§ **Task objective**:
Could you restate word for word only the lines below from the one holding "The closed area" to the one holding "HARIO GLASS COFFEE", inclusive, and leave out the pictures?

§ **Available data**:

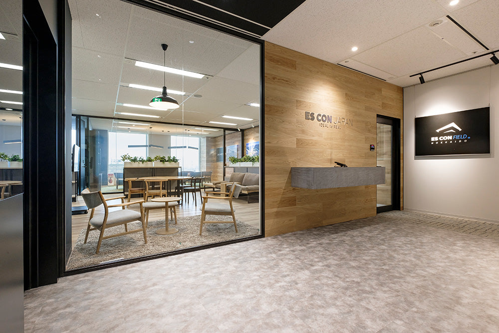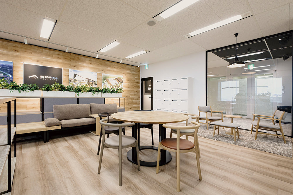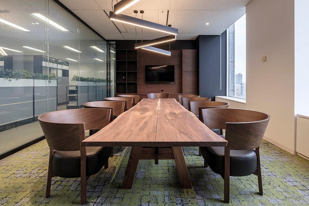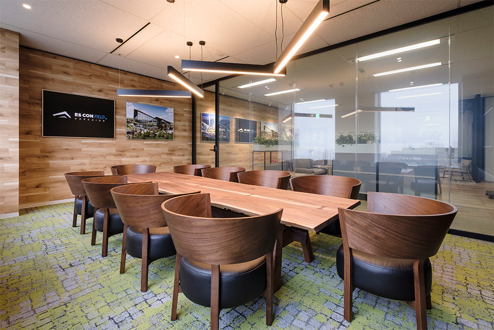 ラウンジには「RBテーブル ラウンドテーブル」や「SESTINA LUX リビング ソファー」などを配置し、「北海道産材の家具でお客さまをお迎えする」をコンセプトとしました。高級感ある応接室には、特注の「一本技 テーブル」や「am キャビネット」を施工しました。
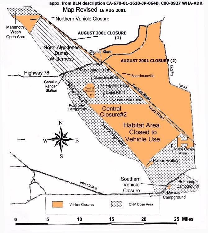 The closed area is the largest yet in the Glamis area. The action was taken by the Bureau of Land Management (BLM) August 8, by directive of the Center for Biological Diversity (CBD).
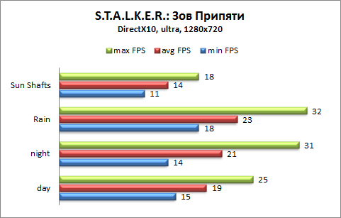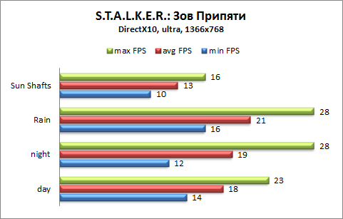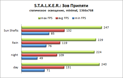 Производительность системы также была измерена в играх S.T.A.L.K.E.R.: Зов Припяти и Far Cry 2 при помощи распространяемых с играми тестовых пакетов. В бенчмарке Far Cry 2 тестовая сцена «Ranch Long» запускалась пять раз, в таблицы результатов вносились усреднённые данные пяти запусков, бенчмарк S.T.A.L.K.E.R.: Зов Припяти запускался единожды, но тестовая сцена прогонялась при различных погодных условиях. Запуск тестовых сцен для всех игровых бенчмарков производился при максимально допустимом разрешении 1366х768, а также, для возможности сравнения, при разрешении 1280х720 точек, отдельно производилось тестирование с базовыми настройками при «родном» разрешении.
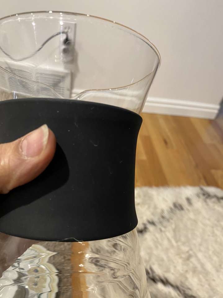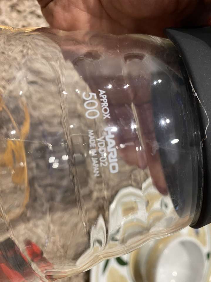 HARIO GLASS COFFEE CARAFE. Carafe has button sleeve on neck
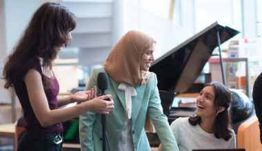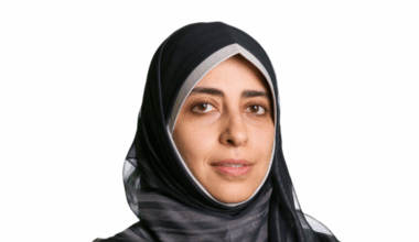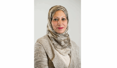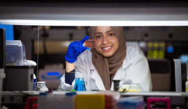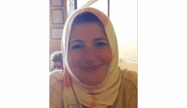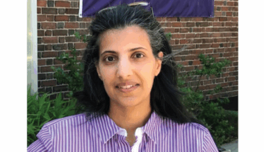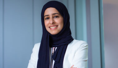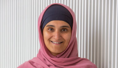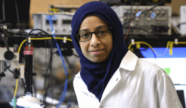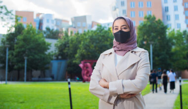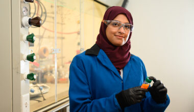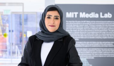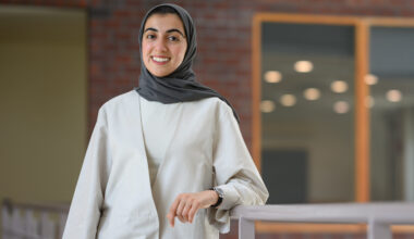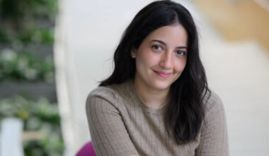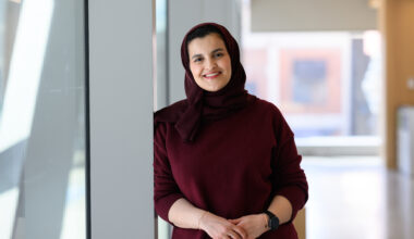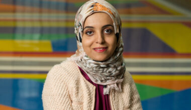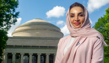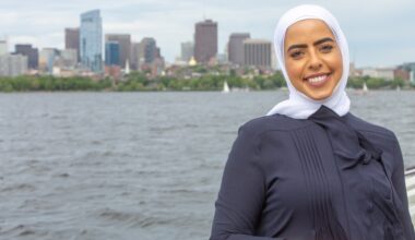 Sanaa wears a black coat and gray hat standing by MIT pillars
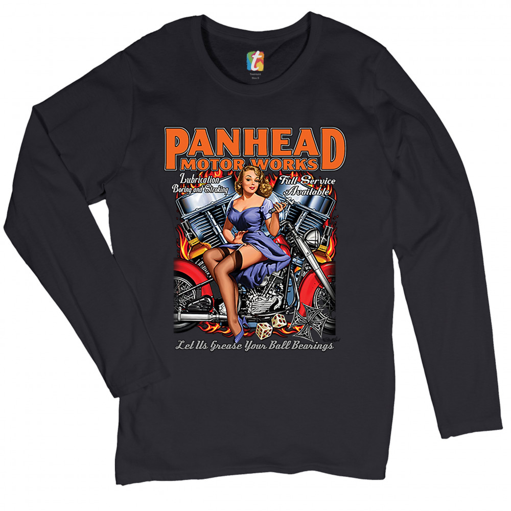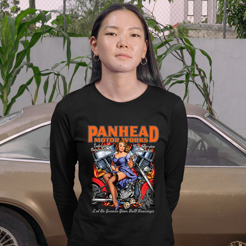 A print featuring a sexy pin-up girl sitting on a chopper motorcycle holding a wrench. In the background there is a V-engine. The print says: "Panhead motor works, Lubrication boring and stroking, Full service available, Let us grease your ball bearings".
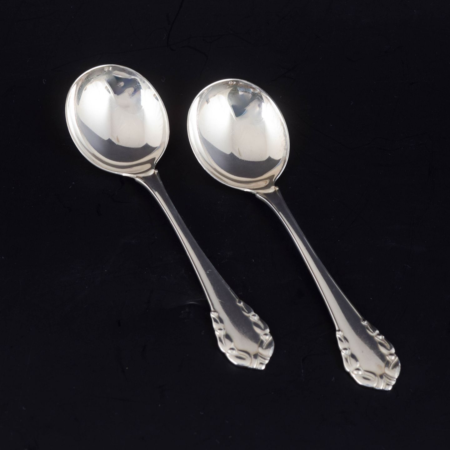 To marmeladeskeer i sterlingsølv fra Georg Jensen i det klassiske “Liljekonval”-mønster. Elegant udført med afrundede linjer og blomsterornamentik i art deco-stil. Stemplet “GEORG JENSEN STERLING DENMARK”.
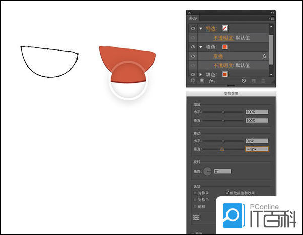 接下来,开始画西红柿的心,在上面绘制一个类似但较小的形状,并用红色填充。 在第一个下面添加一个新的填充,并使用较暗的橙色。 在“外观”面板中选择“填充”属性后,执行“效果”>“扭曲与变换”>“变换”,并应用1像素垂直移动。
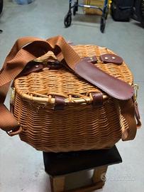 Come nuovo, mai usato, dotato di chiusura con fibia, maniglia per il trasporto a mano e di tracolla per trasporto sulla spalla.
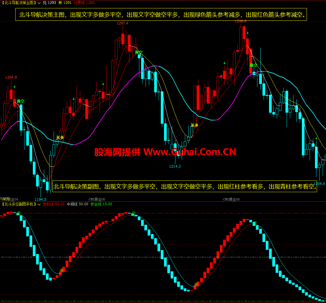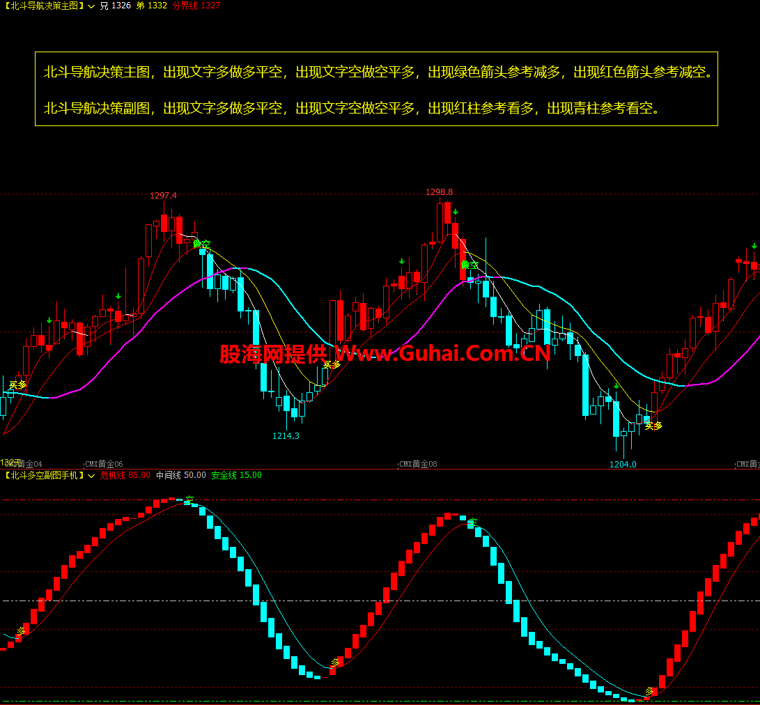 2,北斗导航决策副图,出现文字多做多平空,出现文字空做空平多,出现红柱参考看多,出现青柱参考看空。

§ **Answer area**:
 The closed area is the largest yet in the Glamis area. The action was taken by the Bureau of Land Management (BLM) August 8, by directive of the Center for Biological Diversity (CBD).
 Производительность системы также была измерена в играх S.T.A.L.K.E.R.: Зов Припяти и Far Cry 2 при помощи распространяемых с играми тестовых пакетов. В бенчмарке Far Cry 2 тестовая сцена «Ranch Long» запускалась пять раз, в таблицы результатов вносились усреднённые данные пяти запусков, бенчмарк S.T.A.L.K.E.R.: Зов Припяти запускался единожды, но тестовая сцена прогонялась при различных погодных условиях. Запуск тестовых сцен для всех игровых бенчмарков производился при максимально допустимом разрешении 1366х768, а также, для возможности сравнения, при разрешении 1280х720 точек, отдельно производилось тестирование с базовыми настройками при «родном» разрешении.
 HARIO GLASS COFFEE CARAFE. Carafe has button sleeve on neck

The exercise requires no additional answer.